Соседи беспокоили скопца все меньше и меньше. Он попросту не замечал их, этих ничтожеств, недостойных и короткого взгляда почтенного и уважаемого всеми евнуха. Стражник, подающий ему очередной жалкий пай, не удивлялся отсутствующему виду пленника – за время долгой службы он встречал много таких же, отвергнувших реальность и заменивших ее бесполезными фантазиями.

Потом, когда по велению судьи они все же, вопреки ожиданию, отправлялись на Серые Равнины, пелена падала с глаз, и они, словно проснувшись, начинали страшно вопить и биться в припадке ужаса у ног палача. Боги не желали им спасения, и только, наверное, стража темницы знала – боги и не видели этих несчастных, занятые то ли более важными делами, то ли вообще забывшие о рабах своих на земле.
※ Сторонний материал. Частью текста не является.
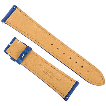 A Hadley Roma matte electric blue alligator strap with a square grain pattern and contrast stitching. Lug Size: 21 mm. Buckle not included. Made in the United States

Между тем приближался Байо-Ханда – день казни особо опасных преступников, назначенный на конец луны. Глашатаи напоминали о нем народу каждое утро, так что зрителей ожидалось немало. Все бледнее и мрачнее становились узники, все светлее делалось на душе старого скопца. Он стоял на самом пороге безумия, и, как прочие, ему подобные, страстно желал лишь одного: поскорее сделать последний шаг – в эту бездну, где ничто уже не потревожит его покоя и тишины.

* * *

На половине невест было сумрачно. Даже благозвучная, чуть печальная музыка Диниса не обращала девушек к светлым думам. Привычное течение их жизни нарушилось; дни, полные приятных забот и пустых разговоров, остались в прошлом, и сейчас им казалось – навсегда. Страх, особенно жуткий душными, черными туранскими ночами, сковывал их кроткие души; маленькие сердечки бились с непривычной силою, и каждый шорох, каждый случайный посторонний звук отзывался в них сначала сосущей пусто, той, а потом барабанной дробью.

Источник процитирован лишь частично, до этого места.